What you will do: In the records below, repeat word for word only the lines starting at the one that contains "Often, we find" and ending at the one that contains "вытянутыми белыми пляжами", pictures excluded.

Collected data
# # # #
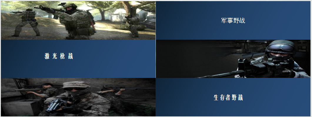 2、目标:通过对抗游戏让学员感受快乐,让学员能体验真实战场环境下才能激发出来的勇气、信念、谋略、战友情。
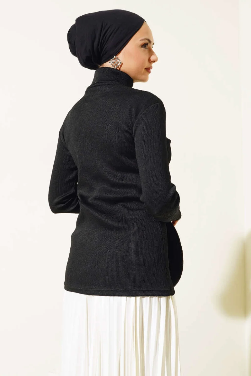 Siyah Boğazlı Fitilli Triko Body
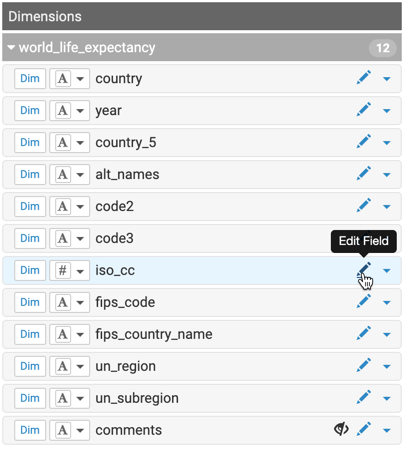 Often, we find it useful to rename a frequently-used field directly in the dataset, instead of using an alias in each visual. CDP Visualization makes it very easy to change the display name of a dataset field.
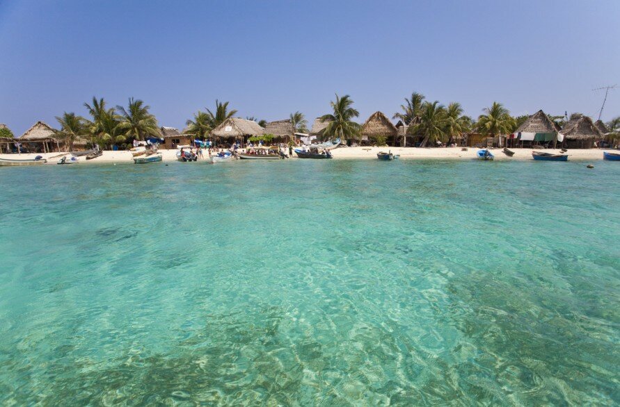 вытянутыми белыми пляжами и водой, наполненной красивыми рыбами.
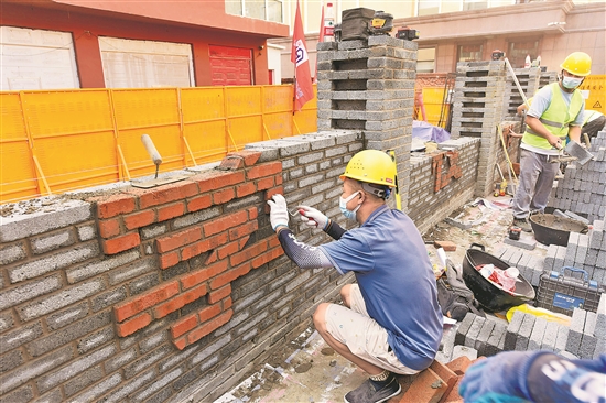 7月25日,砌筑工岗位技能竞赛现场,工人正在比赛中。当日,由黑龙江哈尔滨市总工会主办、哈尔滨市建设交通物流工会承办、中建二局四公司东北分公司协办的“喜迎二十大、奋进新征程”砌筑工岗位技能竞赛在市工人文化宫举行。刘洋 摄/视觉中国
# # # #
Solution to the problem:
 Often, we find it useful to rename a frequently-used field directly in the dataset, instead of using an alias in each visual. CDP Visualization makes it very easy to change the display name of a dataset field.
 вытянутыми белыми пляжами и водой, наполненной красивыми рыбами.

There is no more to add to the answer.